This function will test if a year/grade call is valid.

valid_call <- function(year, grade) {
  #data for 2015 school year doesn't exist yet
  #common core transition started in 2015 (njask is no more)
  if(year > 2014) {
    valid_call <- FALSE
  #assessment coverage 3:8 from 2006 on.
  #NJASK fully implemented in 2008
  } else if(year >= 2006) {
    valid_call <- grade %in% c(3:8, 11)
  } else if (year >= 2004) {
    valid_call <- grade %in% c(3, 4, 8, 11)
  } else if (year < 2004) {
    valid_call <- FALSE
  }

  return(valid_call)
}

map for retrieval

This function does normal retrieval (NJASK for 3-8; HSPA for 11).

standard_assess <- function(year, grade) {
  if(grade %in% c(3:8)) {
    assess_data <- fetch_njask(year, grade)
  } else if (grade == 11) {
    assess_data <- fetch_hspa(year) 
  }

  return(assess_data)
}

Here is a mapping function that calls the correct retrieval method, given grade and year.

fetch_nj_assess <- function(year, grade) {
  require(ensurer)

  #only allow valid calls
  valid_call(year, grade) %>%
    ensure_that(
      all(.) ~ "invalid grade/year parameter passed")

  #everything post 2008 has the same grade coverage
  if (year >= 2008) {
    assess_data <- standard_assess(year, grade)

  #2006 and 2007: NJASK 3rd-7th, GEPA 8th, HSPA 11th
  } else if (year %in% c(2006, 2007)) {
    if (grade %in% c(3:7)) {
      assess_data <- standard_assess(year, grade)  
    } else if (grade == 8) {
      assess_data <- fetch_gepa(year)
    } else if (grade == 11) {
      assess_data <- fetch_hspa(year)
    }

  #2004 and 2005:  NJASK 3rd & 4th, GEPA 8th, HSPA 11th
  } else if (year %in% c(2004, 2005)) {
    if (grade %in% c(3:4)) {
      assess_data <- standard_assess(year, grade)  
    } else if (grade == 8) {
      assess_data <- fetch_gepa(year)
    } else if (grade == 11) {
      assess_data <- fetch_hspa(year)
    }

  } else {
    #if we ever reached this block, there's a problem with our `valid_call()` function
    stop("unable to match your grade/year parameters to the appropriate function.")
  }

  return(assess_data)
}

try it out:

fetch_nj_assess(2014, 6) %>% select(CDS_Code:TOTAL_POPULATION_LANGUAGE_ARTS_Scale_Score_Mean) %>% head()

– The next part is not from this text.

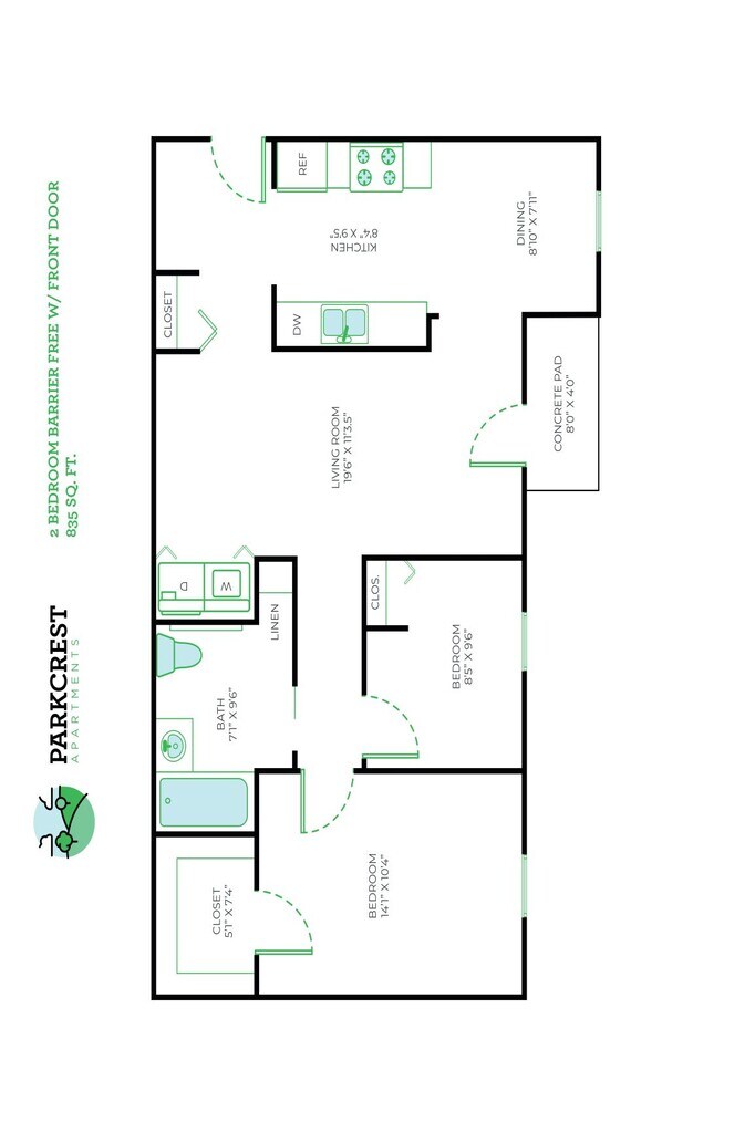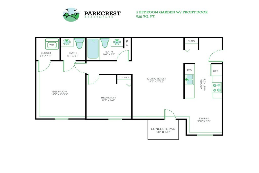 2 Bed, 1 Bath - 835 sq ft - Plano 1 2 Bed, 1.5 Bath - 835 sq ft

## Loading required package: ensurer

## Parsed with column specification:
## cols(
##   .default = col_character(),
##   TOTAL_POPULATION_Number_Enrolled_ELA = col_integer(),
##   TOTAL_POPULATION_LANGUAGE_ARTS_Scale_Score_Mean = col_integer(),
##   TOTAL_POPULATION_MATHEMATICS_Number_Enrolled_Math = col_integer(),
##   TOTAL_POPULATION_SCIENCE_Advanced_Proficient_Percentage = col_integer(),
##   TOTAL_POPULATION_SCIENCE_Scale_Score_Mean = col_integer(),
##   GENERAL_EDUCATION_Number_Enrolled_ELA = col_integer(),
##   GENERAL_EDUCATION_LANGUAGE_ARTS_Number_Not_Present = col_integer(),
##   GENERAL_EDUCATION_LANGUAGE_ARTS_Advanced_Proficient_Percentage = col_integer(),
##   GENERAL_EDUCATION_LANGUAGE_ARTS_Scale_Score_Mean = col_integer(),
##   GENERAL_EDUCATION_MATHEMATICS_Number_Enrolled_Math = col_integer(),
##   GENERAL_EDUCATION_MATHEMATICS_Number_Not_Present = col_integer(),
##   GENERAL_EDUCATION_SCIENCE_Advanced_Proficient_Percentage = col_integer(),
##   GENERAL_EDUCATION_SCIENCE_Scale_Score_Mean = col_integer(),
##   SPECIAL_EDUCATION_Number_Enrolled_ELA = col_integer(),
##   SPECIAL_EDUCATION_LANGUAGE_ARTS_Advanced_Proficient_Percentage = col_integer(),
##   SPECIAL_EDUCATION_LANGUAGE_ARTS_Scale_Score_Mean = col_integer(),
##   SPECIAL_EDUCATION_MATHEMATICS_Number_Enrolled_Math = col_integer(),
##   SPECIAL_EDUCATION_SCIENCE_Advanced_Proficient_Percentage = col_integer(),
##   SPECIAL_EDUCATION_SCIENCE_Scale_Score_Mean = col_integer(),
##   LIMITED_ENGLISH_PROFICIENT_current_and_former_Number_Enrolled_ELA = col_integer()
##   # ... with 147 more columns
## )

## See spec(...) for full column specifications.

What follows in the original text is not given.